• **Instructions for the task**:
For the data that follows, print the line with "2012年党群部门工作任务分解表", the line with "Riser Card-free BIOSTAR", and all lines between them, exactly as they stand. Omit pictures and add nothing.

• **Supplied material**:

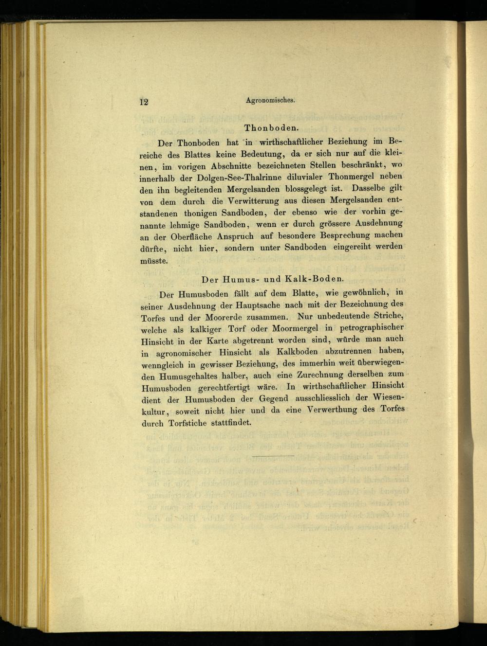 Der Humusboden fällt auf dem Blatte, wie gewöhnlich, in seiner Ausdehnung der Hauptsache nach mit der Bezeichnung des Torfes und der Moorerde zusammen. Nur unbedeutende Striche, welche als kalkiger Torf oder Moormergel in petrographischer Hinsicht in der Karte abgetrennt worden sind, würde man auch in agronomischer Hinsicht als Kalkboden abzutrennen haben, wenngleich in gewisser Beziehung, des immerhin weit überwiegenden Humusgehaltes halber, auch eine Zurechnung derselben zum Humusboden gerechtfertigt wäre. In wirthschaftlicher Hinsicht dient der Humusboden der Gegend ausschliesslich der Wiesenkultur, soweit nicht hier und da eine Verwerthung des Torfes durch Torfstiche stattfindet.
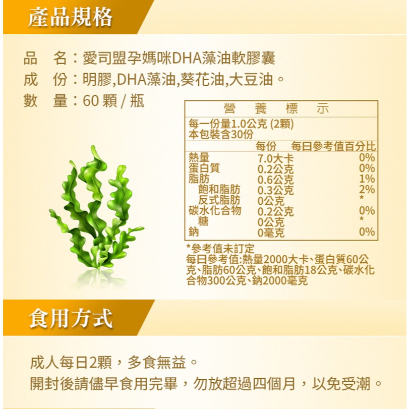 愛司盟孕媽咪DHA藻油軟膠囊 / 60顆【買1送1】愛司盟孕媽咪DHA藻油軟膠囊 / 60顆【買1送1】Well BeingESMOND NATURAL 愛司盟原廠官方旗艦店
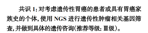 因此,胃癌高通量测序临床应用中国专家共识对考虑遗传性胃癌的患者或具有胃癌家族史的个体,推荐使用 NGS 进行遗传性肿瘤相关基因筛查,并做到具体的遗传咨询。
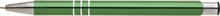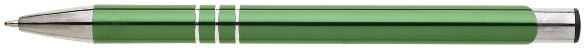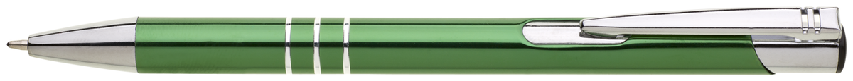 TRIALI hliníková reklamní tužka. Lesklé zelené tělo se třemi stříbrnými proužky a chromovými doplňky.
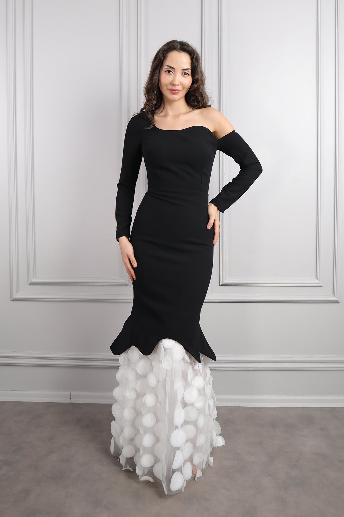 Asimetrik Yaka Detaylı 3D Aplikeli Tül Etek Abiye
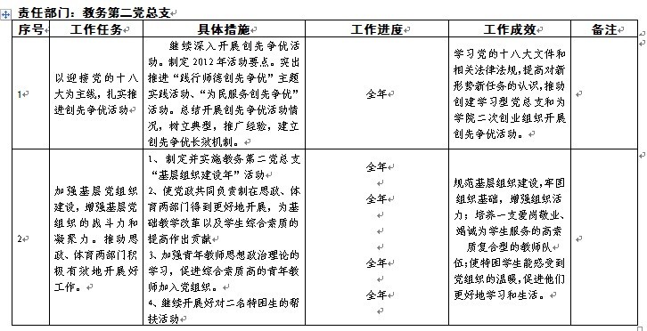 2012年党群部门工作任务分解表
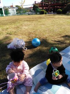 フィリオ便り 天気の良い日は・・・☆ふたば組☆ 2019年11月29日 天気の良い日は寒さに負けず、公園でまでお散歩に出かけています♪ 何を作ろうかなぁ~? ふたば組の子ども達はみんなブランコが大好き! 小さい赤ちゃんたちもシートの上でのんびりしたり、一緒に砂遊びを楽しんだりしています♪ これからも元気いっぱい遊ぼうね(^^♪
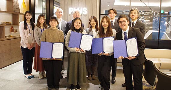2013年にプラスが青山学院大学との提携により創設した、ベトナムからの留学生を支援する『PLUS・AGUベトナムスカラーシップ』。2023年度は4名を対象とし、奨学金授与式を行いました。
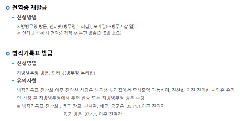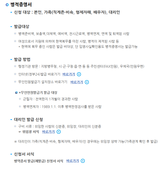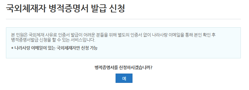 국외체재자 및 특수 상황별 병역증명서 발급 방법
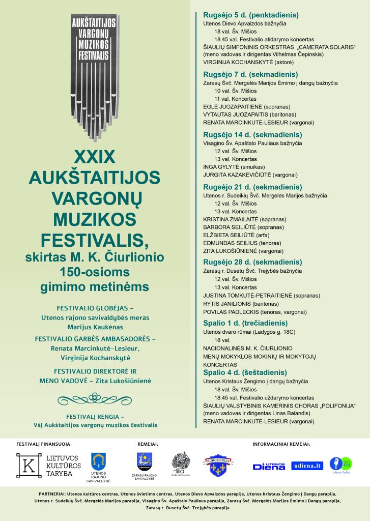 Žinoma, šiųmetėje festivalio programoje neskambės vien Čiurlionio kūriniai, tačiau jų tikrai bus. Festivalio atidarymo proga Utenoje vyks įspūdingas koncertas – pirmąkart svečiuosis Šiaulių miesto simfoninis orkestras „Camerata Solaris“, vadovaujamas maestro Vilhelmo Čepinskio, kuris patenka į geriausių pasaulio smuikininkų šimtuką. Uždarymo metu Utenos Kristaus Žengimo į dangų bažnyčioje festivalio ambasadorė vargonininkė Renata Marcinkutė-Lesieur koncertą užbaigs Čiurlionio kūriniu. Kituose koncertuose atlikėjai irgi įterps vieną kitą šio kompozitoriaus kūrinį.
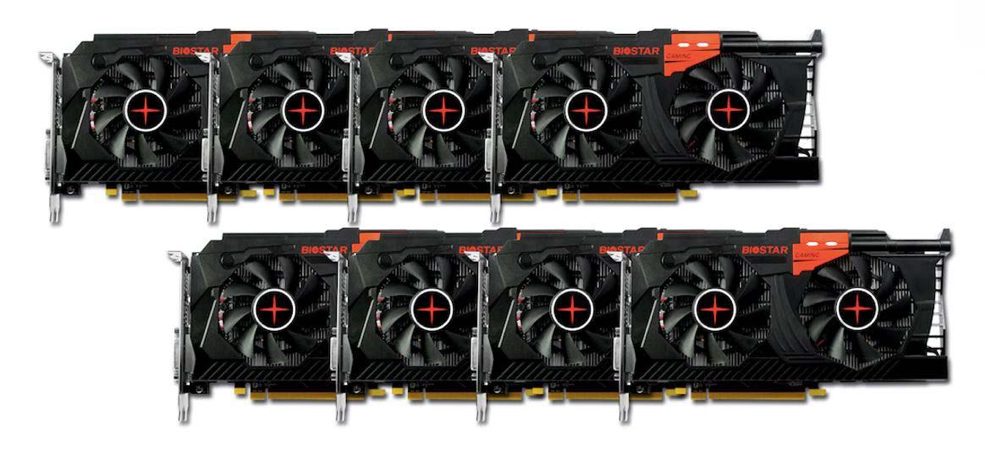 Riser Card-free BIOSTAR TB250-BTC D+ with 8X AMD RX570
---
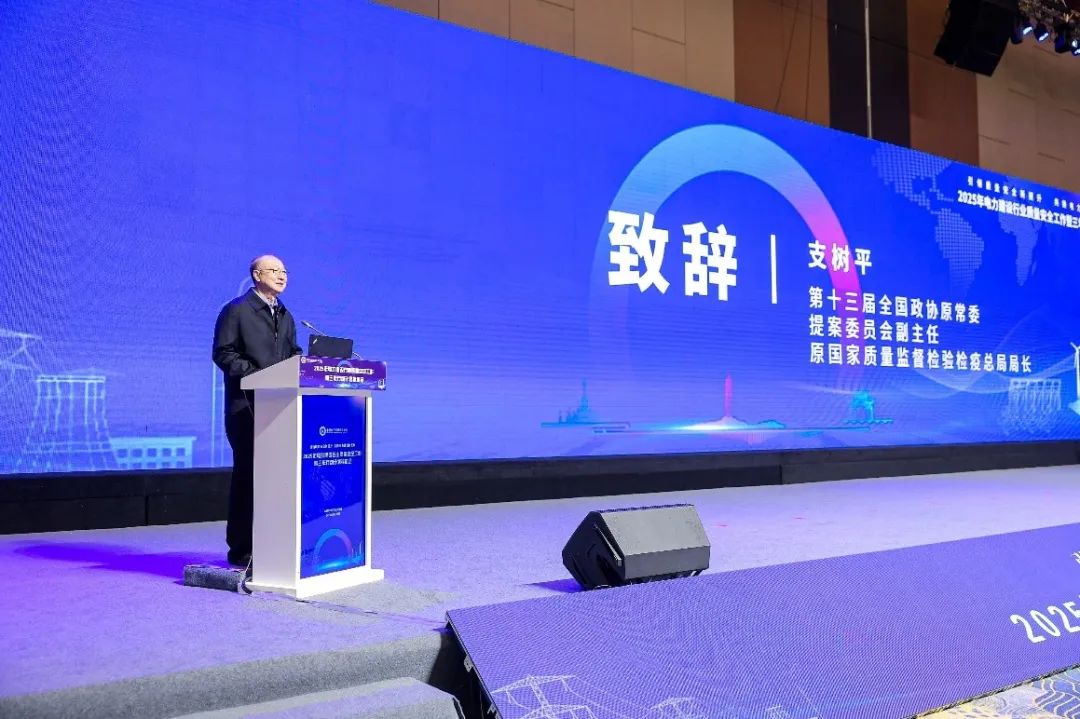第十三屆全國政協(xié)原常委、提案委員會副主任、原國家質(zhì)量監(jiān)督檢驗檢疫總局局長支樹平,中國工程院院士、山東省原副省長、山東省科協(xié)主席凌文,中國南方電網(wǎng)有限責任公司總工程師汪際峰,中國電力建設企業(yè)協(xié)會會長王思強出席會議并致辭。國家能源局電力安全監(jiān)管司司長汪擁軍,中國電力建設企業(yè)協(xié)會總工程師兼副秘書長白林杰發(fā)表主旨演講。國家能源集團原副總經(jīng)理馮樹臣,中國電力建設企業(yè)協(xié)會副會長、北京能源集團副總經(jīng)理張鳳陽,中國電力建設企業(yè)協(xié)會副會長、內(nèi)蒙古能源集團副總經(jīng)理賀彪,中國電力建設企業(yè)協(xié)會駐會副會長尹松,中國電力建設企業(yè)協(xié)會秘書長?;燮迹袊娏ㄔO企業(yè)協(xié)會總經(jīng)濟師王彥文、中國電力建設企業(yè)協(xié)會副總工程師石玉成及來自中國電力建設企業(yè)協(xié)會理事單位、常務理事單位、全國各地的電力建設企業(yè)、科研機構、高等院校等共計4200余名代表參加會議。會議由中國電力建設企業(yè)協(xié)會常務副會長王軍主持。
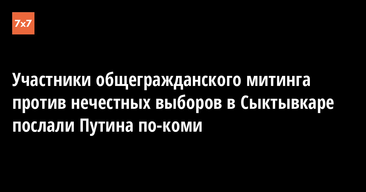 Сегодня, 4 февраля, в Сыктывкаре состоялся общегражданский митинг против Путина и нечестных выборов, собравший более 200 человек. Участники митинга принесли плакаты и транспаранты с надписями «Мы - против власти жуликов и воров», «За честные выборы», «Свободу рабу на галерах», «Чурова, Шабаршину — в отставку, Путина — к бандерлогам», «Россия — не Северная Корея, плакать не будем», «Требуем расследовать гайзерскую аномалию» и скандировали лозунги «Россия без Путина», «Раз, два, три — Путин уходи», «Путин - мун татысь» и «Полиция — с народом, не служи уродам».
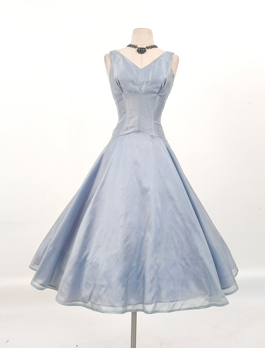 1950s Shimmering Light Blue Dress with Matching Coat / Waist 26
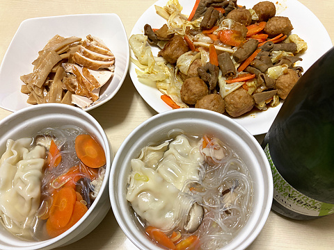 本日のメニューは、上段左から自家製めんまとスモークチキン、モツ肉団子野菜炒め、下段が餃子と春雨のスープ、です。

• **Task result**:
 2012年党群部门工作任务分解表
 フィリオ便り 天気の良い日は・・・☆ふたば組☆ 2019年11月29日 天気の良い日は寒さに負けず、公園でまでお散歩に出かけています♪ 何を作ろうかなぁ~? ふたば組の子ども達はみんなブランコが大好き! 小さい赤ちゃんたちもシートの上でのんびりしたり、一緒に砂遊びを楽しんだりしています♪ これからも元気いっぱい遊ぼうね(^^♪
2013年にプラスが青山学院大学との提携により創設した、ベトナムからの留学生を支援する『PLUS・AGUベトナムスカラーシップ』。2023年度は4名を対象とし、奨学金授与式を行いました。
 국외체재자 및 특수 상황별 병역증명서 발급 방법
 Žinoma, šiųmetėje festivalio programoje neskambės vien Čiurlionio kūriniai, tačiau jų tikrai bus. Festivalio atidarymo proga Utenoje vyks įspūdingas koncertas – pirmąkart svečiuosis Šiaulių miesto simfoninis orkestras „Camerata Solaris“, vadovaujamas maestro Vilhelmo Čepinskio, kuris patenka į geriausių pasaulio smuikininkų šimtuką. Uždarymo metu Utenos Kristaus Žengimo į dangų bažnyčioje festivalio ambasadorė vargonininkė Renata Marcinkutė-Lesieur koncertą užbaigs Čiurlionio kūriniu. Kituose koncertuose atlikėjai irgi įterps vieną kitą šio kompozitoriaus kūrinį.
 Riser Card-free BIOSTAR TB250-BTC D+ with 8X AMD RX570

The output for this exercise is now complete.